Thesis Type: Postgraduate
Institution Of The Thesis: Orta Doğu Teknik Üniversitesi, Faculty of Engineering, Department of Civil Engineering, Turkey
Approval Date: 2013
Student: MUSTAFA AKÇELİK
Supervisor: İSMAİL YÜCELAbstract:
In support of the National Oceanic and Atmospheric Administration (NOAA) National Weather Service’s (NWS) flash flood warning and heavy precipitation forecast efforts, the NOAA National Environmental Satellite Data and Information Service (NESDIS) Center for Satellite Applications and Research (STAR) has been providing satellite based precipitation estimates operationally since 1978. Two of the satellite based rainfall algorithms are the Hydro-Estimator (HE) and the Self-Calibrating Multivariate Precipitation Retrieval (SCaMPR). Satellite based rainfall algorithms need to be adjusted for the orographic events and atmospheric variables for the continued improvement of the estimates. However, unlike the HE algorithm, the SCaMPR does not currently make any adjustments for the effects of complex topography on rainfall estimate. Bias structure of the SCaMPR algorithm suggests that the rainfall algorithm underestimates precipitation in case of upward atmospheric movements and high temperature levels. Also SCaMPR algorithm overestimates rainfall in case of downward atmospheric movements and low temperature levels. A regionally dependent empirical elevation-based bias correction technique and also a temperature based bias correction technique may help to improve the quality of satellite-derived precipitation products.
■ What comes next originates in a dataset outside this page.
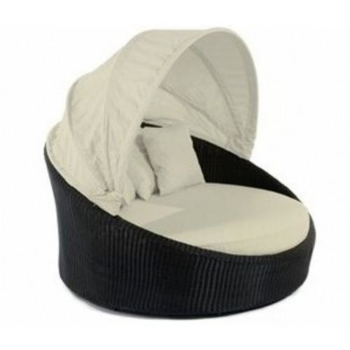 Hallo wicker outdoor day bed with canopy. Features sturdy aluminum frames covered with round all weather wicker. Great for large spaces. Very comfortable and spacious. Durable and comfortable outdoor cushions. Resistant to harsh outdoor conditions. Outdoor wicker is sleek and modern. Great choice for poolside, patio or deck. Wicker is available in Espresso. Cushions in natural color. Please call for extra color options. Daybed diameter 63 inches.

In this study, an orographic correction method and a temperature correction method that will enhance precipitation distribution, improve accuracy and remove topography and temperature dependent bias is developed for the Self-Calibrating Multivariate Precipitation Retrieval (SCaMPR) rainfall algorithm to be used in operational forecasting for meteorological and hydrological applications.